# Pregnant again with another miracle



## suzy (Oct 12, 2003)

Right, I'll start the ball rolling .
Not got much time at the moment, so if you all let me know what your due date is, I'll do a list. 
Anyone else pg with their second (or third) after IF, please join!!

Looking forward to reading how you are all going, and please drop into the ttc thread anytime 

Suzy

Dixie - IUI - due 11 November 2006mber 2006 

Dopey Dinah - FET - due 22 November 2006 

kitty4 - natural conception - due 1st December 2006


----------



## Dopey-Dinah (Sep 27, 2004)

Thanks for starting this Suzy.

New baby is due on 22nd November.  This one is as a result of FET from the same batch as our DS.

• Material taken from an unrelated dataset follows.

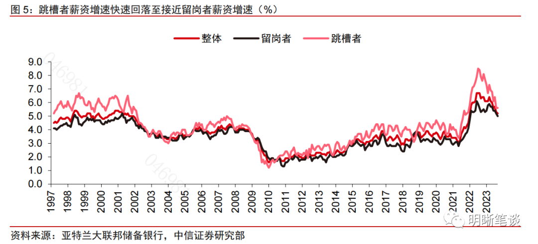 当前美国劳动力市场紧张有所缓解,薪资压力减少。10月非农薪资增速环比进一步下降,同比增速保持趋势性下降。单位劳动力成本三季度环比负增长,同比增速快速下行至1.9%,为2021年二季度以来最小增幅。同时,跳槽者薪资增速快速回落至接近留岗者薪资增速,非农离职率也在不断下降,反映出劳动力市场紧张局势有所缓解。此外,第三季度工人生产率增长达到三年来最快速度,有望进一步减轻薪资压力。

Looking forward to seeing the old familiar names coming over one by one as the dreams are realised.

Debbie
xxx


----------



## Dixie (Apr 17, 2003)

Hi Suzy, 
our second miracle is due on the 11th of November.  This one was the result of our 6 IUI attempt which we were doing while saving for another ICSI attempt following our MC last year.  Sending loads of babydust  to everyone on the HFAM thread, hopefully soon we have tons of names on here.  
Love to all, Dixie


----------



## Dopey-Dinah (Sep 27, 2004)

Hi

Hope all you bumpy ladies are well and not suffering from too many symptoms.  

I have still got my all day sickness.    It comes in waves and has no real pattern.  i thought it was worse if I got hungry but sometimes it comes just after I've eaten so now I'm at a loss to faqthom it out.    Anyway, it should pass soon.    16 weeks last time so only a few to go (hopefully).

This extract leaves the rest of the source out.